Class declarations per request and for clarity (using public fields for brevity):
public class Atom {
public final char variable;
public final bool negated;
public Atom(char variable, bool negated) {
this.variable = variable;
this.negated = negated;
}
}
public class Minterm {
public final List<Atom> atoms = new ArrayList<Atom>();
}
In generateSumOfMinterms():
List<Minterm> expression = new ArrayList<Minterm>();
Minterm currentMinterm = new Minterm();
expression.add(currentMinterm);
Then, loop through the characters of termsOfTheFunction. Each time you see a letter, look at the next character to see if it is a ´, and add an Atom with that letter and with the correct negation. Each time you see a +, create a new Minterm and add it to expression, and keep going. Afterwards, you can start analyzing the minterms and expanding them.

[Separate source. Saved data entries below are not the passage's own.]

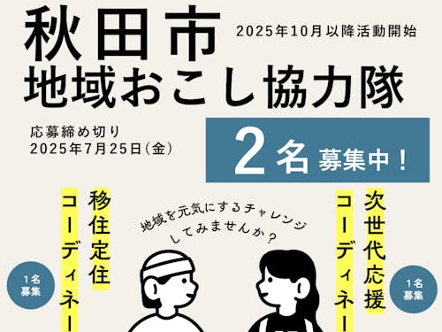 秋田市では、令和7年10月以降に活動を開始する地域おこし協力隊を募集します。
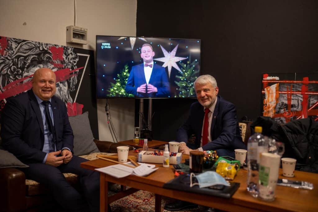 To fornøyde generalsekretærer. Hermansen og Høybråten i studio.
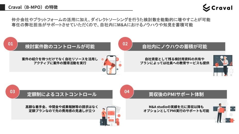 M&A支援を手がける株式会社Craval(代表取締役:加藤耀介、本社:東京都新宿区、以下Craval)は、M&Aの買い手向け支援サービス「B-MPO」の提供を開始いたしました。
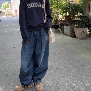 水洗做旧深蓝色日系气球牛仔裤 iamstudio 毒家定制2100超有范
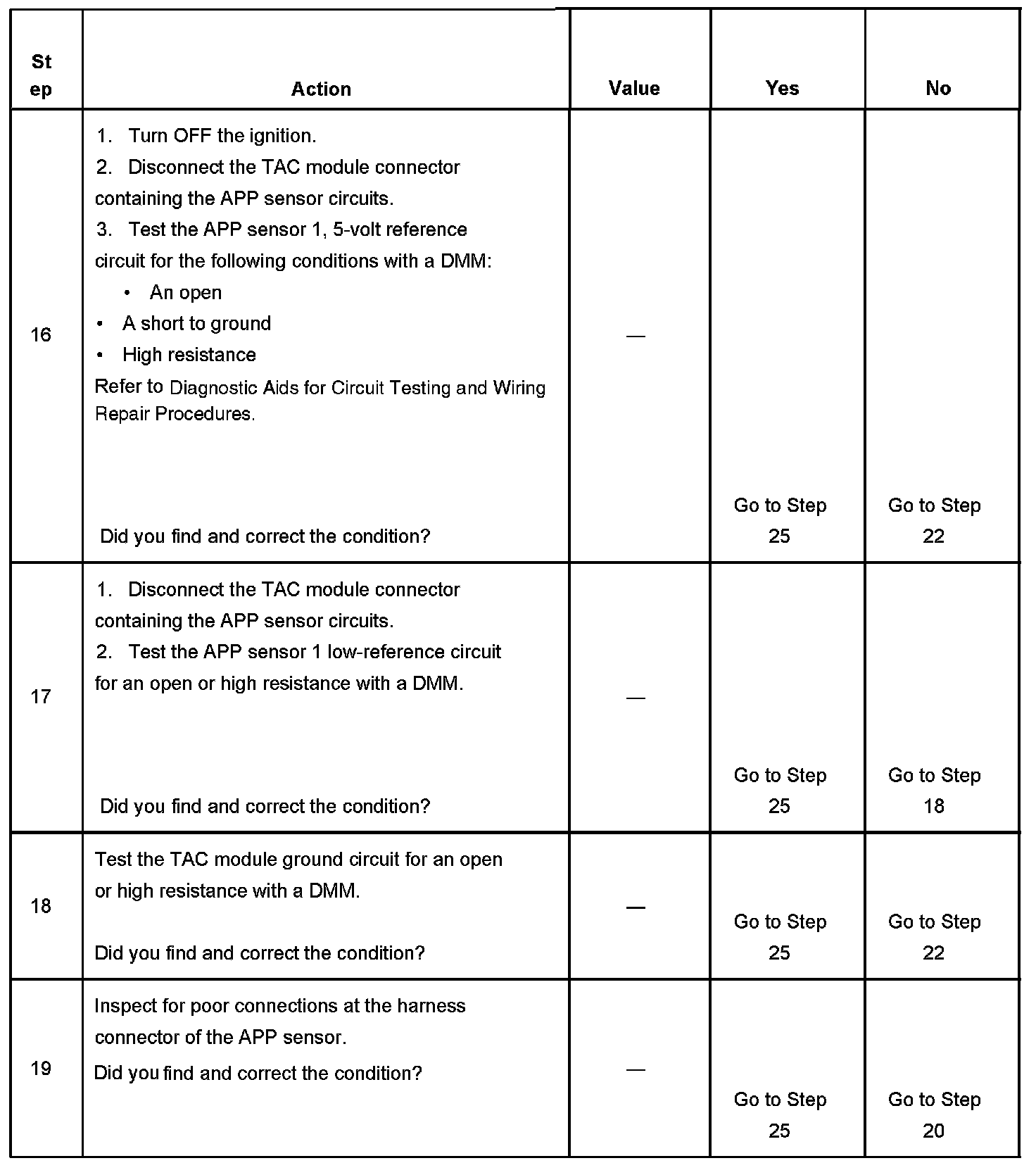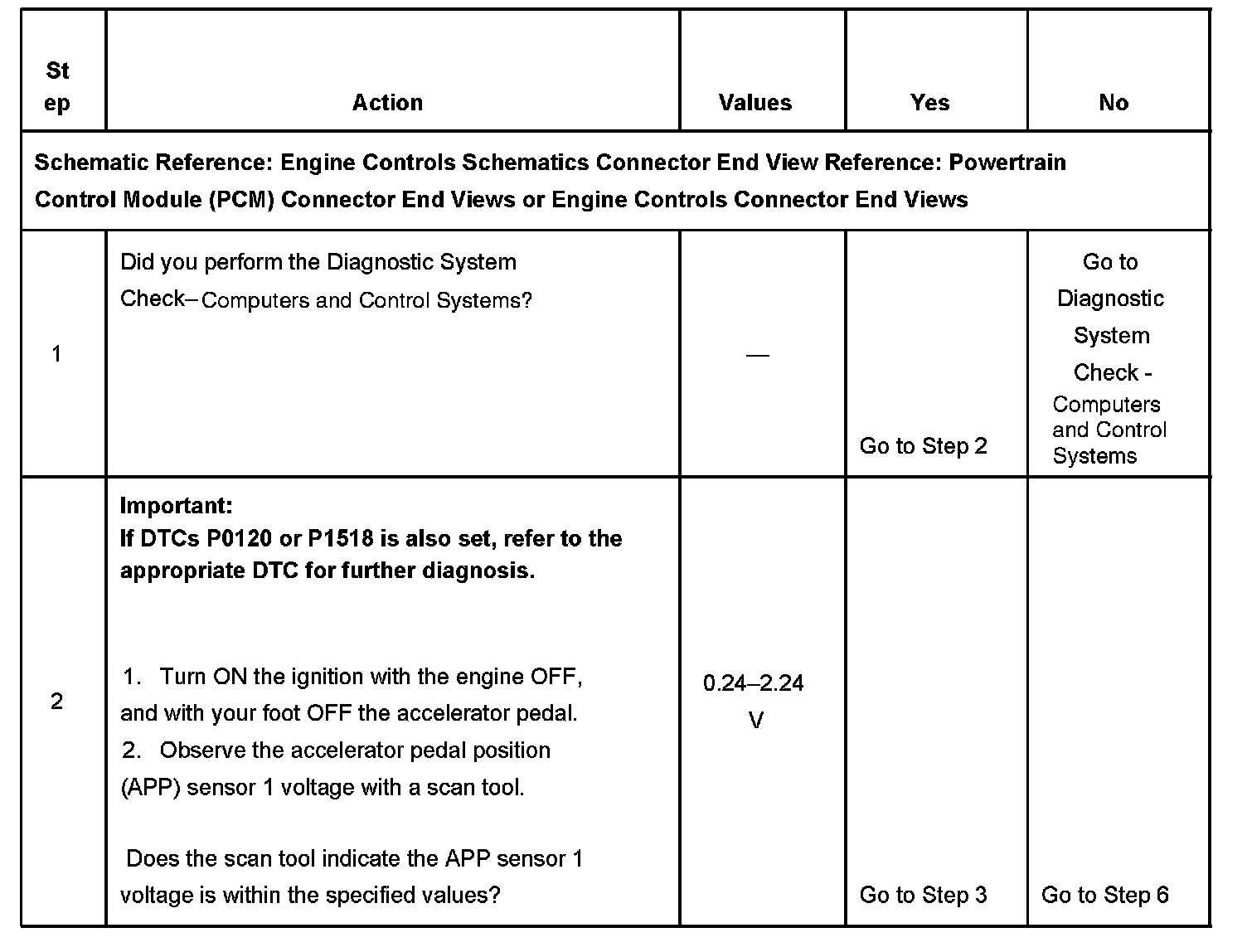 The control module provides the APP sensor a 5-volt reference circuit and a low reference circuit. The APP sensor then provides the control module a signal voltage proportional to pedal movement. The APP sensor 1 signal voltage is low at rest and increases as the pedal is depressed. When the control module detects that the APP sensor 1 signal or APP sensor 5-volt reference voltage is outside the predetermined range, this DTC sets.

Edit in response to your code: Looks like you're well on your way! The reason both atoms get added to the same minterm is that both m1 and m2 refer to the k'th minterm since you say m1 = minterms.get(k); and m2 = minterms.get(k);. get() does not copy or remove an element from a list; the element will still be inside the list. So for m2, you need to create a new minterm that has all of the atoms from the old one, plus the new atom.